Thursday April 30, 2020

The upside to doing everything yourself is that you get total control over outcomes:

  • I see how everything can be improved. So I jump in and get involved with every outcome-influencing process from the start.
  • This creates some “perceptive drag” on executive processes early on. But look, we’re avoiding big risks here.
  • You see? I foresaw a problem and prevented it. A huge win for my visionary intuition! I know the best way to do things. (INTJ as risk-mitigator)
  • But literally every detail is also now my responsibility, and I have to micro-manage people, or take all the work onto my plate.

The rest of the downside spirals into an epic saga:

  • You can’t really work with anybody. They annoy you because they are not you and don’t think like you.
  • They don’t like working with you. They’re annoyed that they have to hear your critical commentary on everything they do.
  • You’re too stressed out due to all the attention people and things require of you, and too much is on the line for you to enjoy life.
  • You reinforce a lack of tactical, moment-to-moment engagement and response, because you have converted every executive process into a perceptive process which is way too drawn out and risk-averse.
  • Things break anyway, of course, despite your oversight.
  • You can now do less about broken things than you could before, because you’re generally overwhelmed.

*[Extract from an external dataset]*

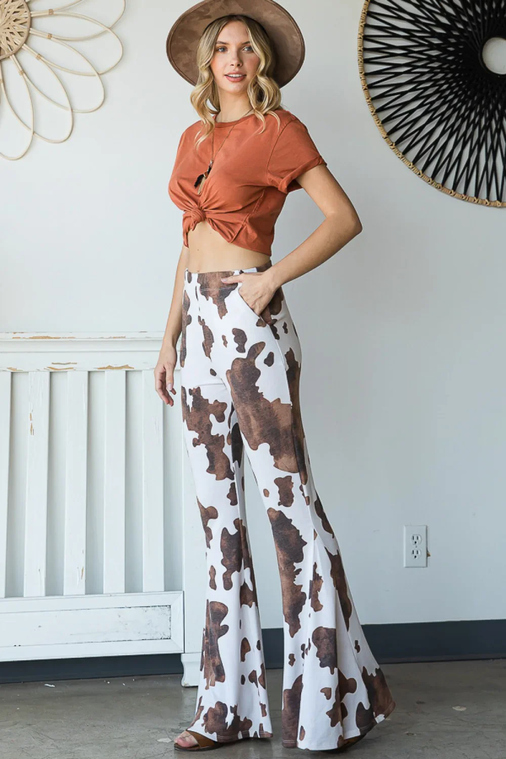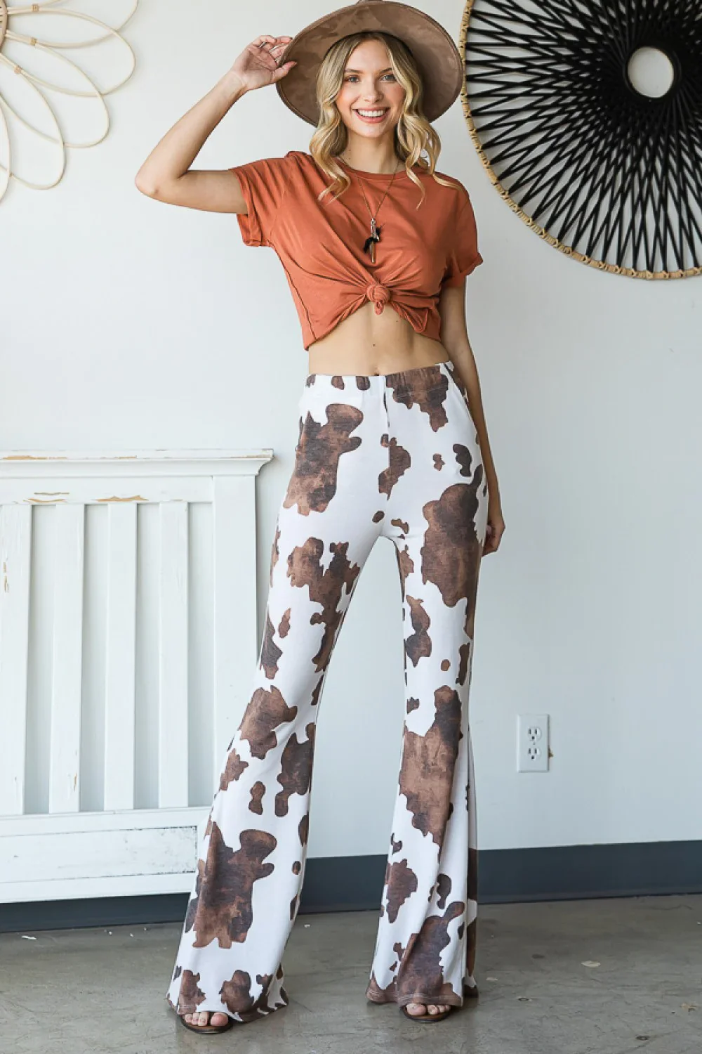 Plus Size Western Cow Print High Waist Flare Leg Pants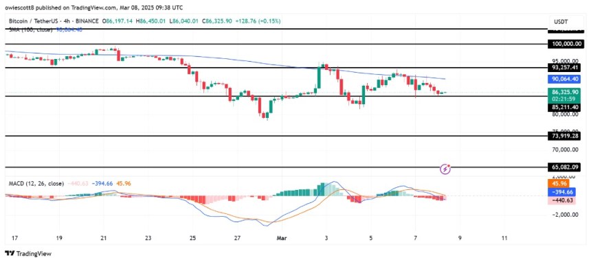 Bitcoin is making an effort to stage a comeback after dipping to $85,211, but a lack of strong momentum is casting doubt on the recovery. While buyers are attempting to regain control, technical indicators suggest that bullish strength remains fragile, raising concerns about whether BTC can sustain its rebound or face another pullback. With key resistance levels ahead and market sentiment still uncertain, Bitcoin’s next move remains unpredictable. If buyers fail to build enough momentum, BTC could struggle to push higher, leaving it vulnerable to renewed selling pressure. Bitcoin Tries To Bounce Back BTC’s current price action indicates that bulls are making an effort to stage a rebound from the $85,211 support level after a sharp decline. This attempt follows a period of strong bearish pressure, which intensified when Bitcoin faced heavy resistance at $93,257 and failed to move upward. Related Reading: Bitcoin Price Attempts a Comeback—Is a Recovery Rally on the Horizon? Despite some signs of stabilization, technical indicators suggest that bullish momentum remains weak. The lack of strong buying pressure raises concerns about whether BTC can maintain its current attempt at a rebound or if another downturn is imminent. Additionally, the price remains below the 100-day Simple Moving Average (SMA), signaling that bears still dominate the market. Furthermore, the MACD line and the signal line are edging lower, hinting at a possible decline in bullish momentum. If both lines continue downward and cross into negative territory, it could signal a shift in trend favoring the bears. This weakening performance suggests that buying pressure is not strong enough to sustain a meaningful recovery, increasing the risk of further downside. A confirmed bearish crossover might reinforce selling dominance, making it difficult for BTC to regain an uptrend. For the bulls to regain control, a surge in buying activity is needed to push the MACD indicators back into a positive trend. Traders should watch key support and resistance levels closely for confirmation of the next trend direction Potential Scenarios: Rebound Or Another Leg Down? If bulls successfully defend the $85,211 support level, Bitcoin could stage a relief rally, driving prices toward the immediate resistance at $93,257. A decisive break above this critical level could open the door for a stronger bullish push, propelling BTC toward $100,000. Such a move would restore market confidence and attract more buyers, increasing the likelihood of continued upside expansion. Related Reading: Bitcoin Reclaims $90K But This Indicator Signals Possible Consolidation Phase However, once Bitcoin fails to gain momentum, a drop below $85,211 may accelerate losses. In this case, BTC might test lower support levels, possibly around $73,919 or even $65,082, before finding stability. Featured image from Unsplash, chart from Tradingview.com

The nice thing is, you can start to reverse this spiral by working in little chunks:

  • Ah, here’s an element by which I’m overwhelmed. I’m probably way too controlling about it.
  • Instead of controlling, I’ll release some control in exchange for an increase in my own energy reservoir, and create a system for responding and engaging with this element when/if problems arise.
  • OK, now I have less direct control, but I also have created a system for diving in when problems occur.
  • This is not as stressful.
  • (Repeat)

The annoying thing is, you probably have to work against the ol’ INTJ intuition when doing this:

  • The intuition is subjective. It draws on your past experience.
  • In INTJs, it’s dominant and always demanding a voice, especially when you’re tired.
  • So if you haven’t trusted other people or systems in the past, it’ll be hard to let go at first, no matter how great your yet-unseasoned engagement and response tool-set.
  • In this way, the intuition can easily wrest control away from people who aren’t aware of how it works. They trust it too much. And it creates a really long, annoying loop of crusty, unwanted results.
  • The “system thinker” INTJ becomes a victim of a system. But they created it, and fear engagement with a “wrong” part of themselves, so instead of changing it, they credit the ego and just get emotional/pouty when others complain about the results.

It takes practice, but one can break out of this. And even the most painful, stumbling practice which involves learning and development is far, far better than nope-ing out of huge quality-of-life upgrades.

This is especially true for INTJs who are in “executive” career positions. People expect executives to experience, engage, and execute. They do not expect executives to anticipate, control, and interfere/micro-manage. If you can sprinkle some anticipation and a tiny bit of control into your experiencing, engagement, and execution, there’s a good chance people will be really amazed.